Employee delegated spend stands out as a particularly effective entry point. Fifty-seven per cent of SMEs not currently using virtual cards cite it as a use case under consideration, making it a natural entry point: familiar, controlled and immediately valuable.
At Pleo, we see this pattern repeatedly. When virtual cards are embedded into everyday workflows , supported by contextual guidance, controls and automation, they shift from being a payment method to becoming part of how the business operates. Education, when delivered natively inside the platform, becomes a growth lever rather than a marketing exercise.
Across all markets, SMEs rank security and fraud protection as the most important payment consideration, reflecting the disproportionate impact a single incident can have on smaller organisations. This concern is particularly pronounced in higher-risk regions, where security is rated ‘extremely important’ by the majority of SMEs.
Crucially, 45% of SMEs identify stronger fraud and security guarantees as the top enabler of future virtual card adoption, reinforcing the role virtual cards can play as a safer, more controlled alternative to traditional payment methods. But security alone does not drive sustained usage. SMEs also care deeply about speed, ease of reconciliation, automation and integration, especially as payment volumes increase. This is where embedded delivery becomes decisive.
API-first issuance, granular controls and deep integrations with accounting and expense systems dramatically reduce operational lift for finance teams. When virtual cards are embedded directly into the tools SMEs already use, complexity disappears into the background.
Mastercard’s research shows a strong correlation between virtual card usage and SME scale. SMEs in the top revenue quartile report 88% utilisation, rising to 96% among the largest firms. Digitally native and emerging SMEs also outpace mature, legacy organisations. But scale alone does not explain adoption.
What matters is context. When virtual cards are delivered through platforms SMEs already rely on, with permissions, controls and automation built in, adoption becomes operationally easy, even for more conservative businesses. Embedded finance lowers the perceived risk of change by making new capabilities feel familiar.
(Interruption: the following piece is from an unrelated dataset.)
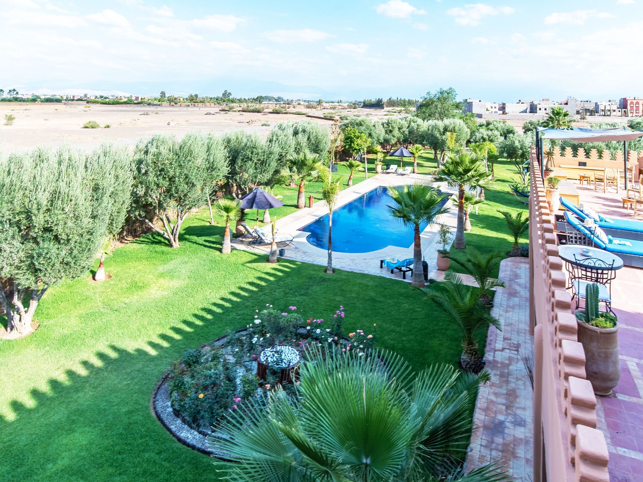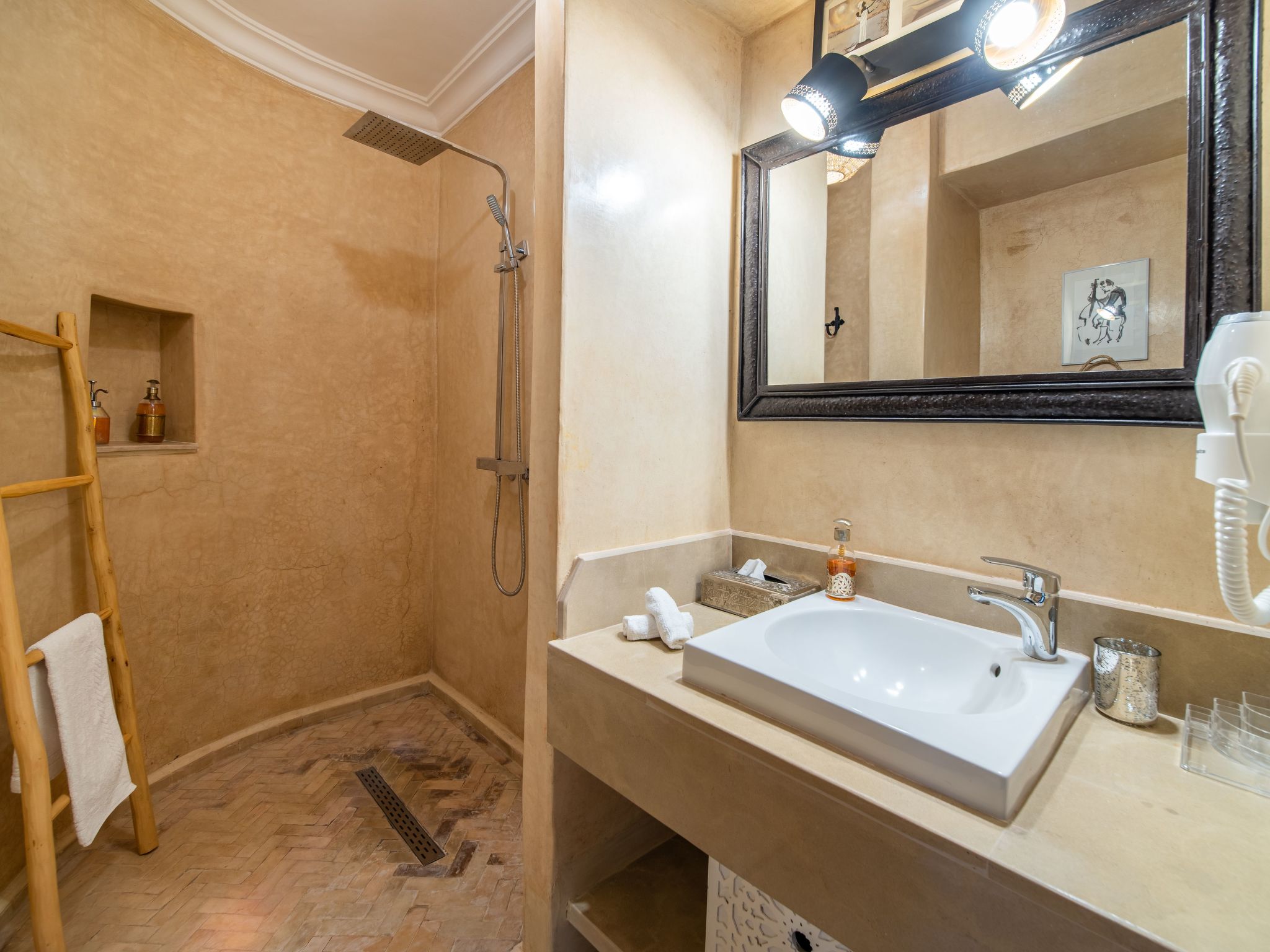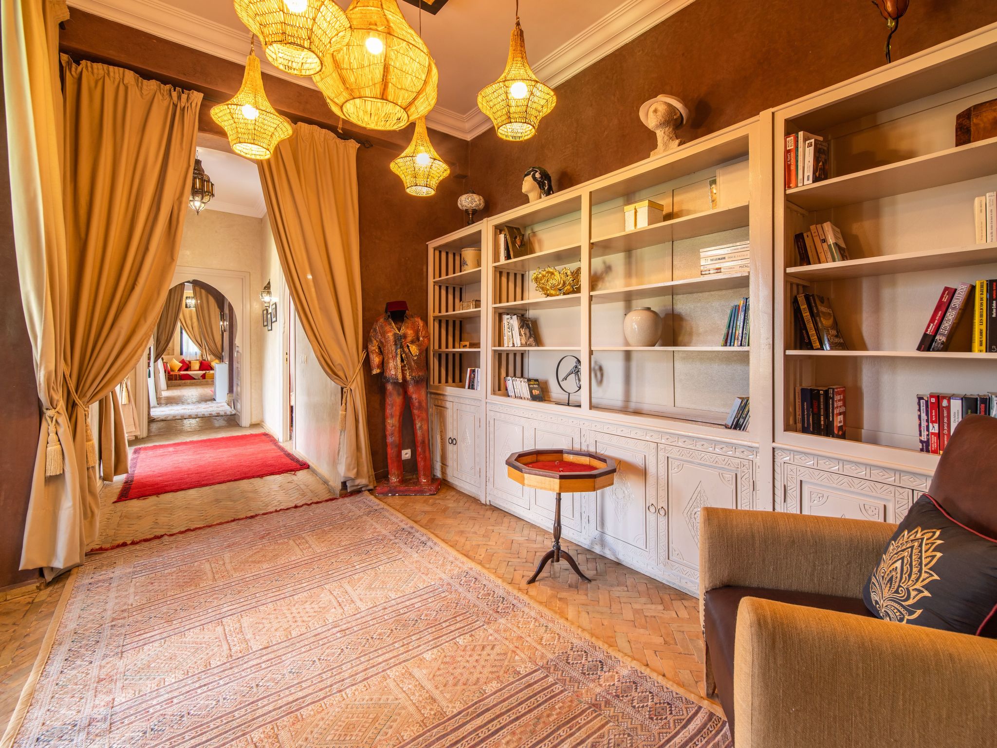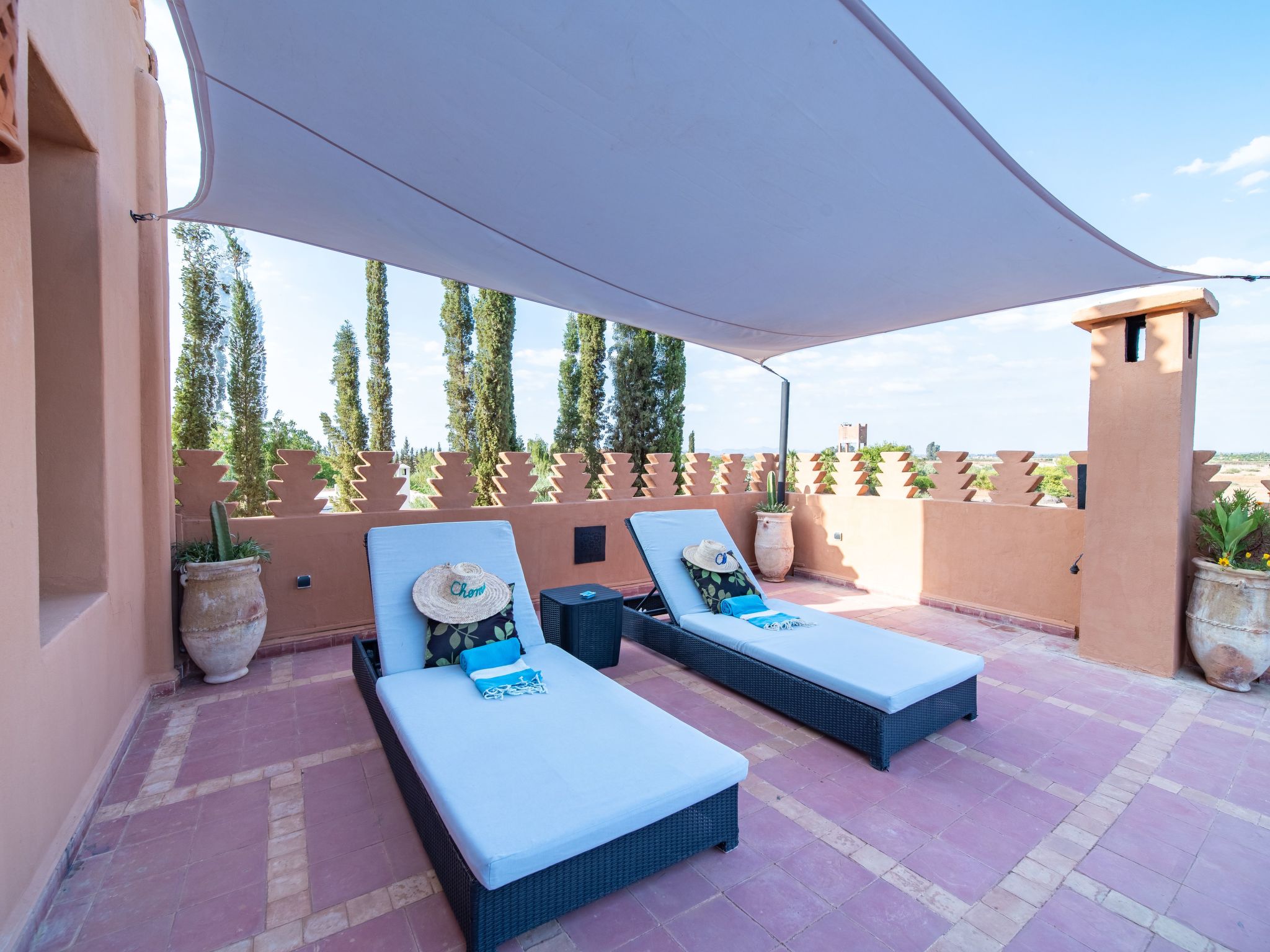 Im Außenbereich öffnet sich das Haus zu einem üppigen und sorgfältig gepflegten Außenbereich, der zur gemeinschaftlichen Nutzung zur Verfügung steht und eine Vielzahl von Optionen zum Entspannen und Genießen des milden Klimas von Marrakesch bietet. Die Terrasse und die Dachterrasse laden zu geselligen Stunden oder entspannenden Momenten ein, während Sie die Aussicht genießen, während der belebende Pool nach einem Tag voller Erkundungen willkommene Erfrischungen verspricht. Der Garten mit seinem Grillplatz eignet sich perfekt für Grillabende unter dem Sternenhimmel.

For SMEs, loyalty is not driven by brand promises or feature lists. It is earned through daily usefulness. Platforms that embed virtual cards into core workflows remove friction, reduce manual effort and provide real-time financial clarity. In doing so, they move from being helpful tools to becoming essential infrastructure.
Mastercard’s research highlights the scale of the opportunity: nearly 70% of SMEs believe virtual cards would meet their needs better than incumbent transfer methods. Demand exists, but SMEs will only adopt what is intuitive, integrated and embedded into the tools they already trust. This is where embedded finance becomes a loyalty engine.
By end of 2026, virtual cards will no longer differentiate platforms by their presence, but by how deeply they are embedded and how intelligently they are delivered. SMEs are not asking for more financial products. They are asking for fewer decisions, clearer controls and confidence that their finances are working quietly in the background. Embedded finance delivers that outcome.
For platforms and financial institutions, the opportunity is clear: embed virtual cards where SMEs already work, support them with education and automation, and transform a transactional payment tool into long-term loyalty. That is how embedded finance defines the next era of SME relationships.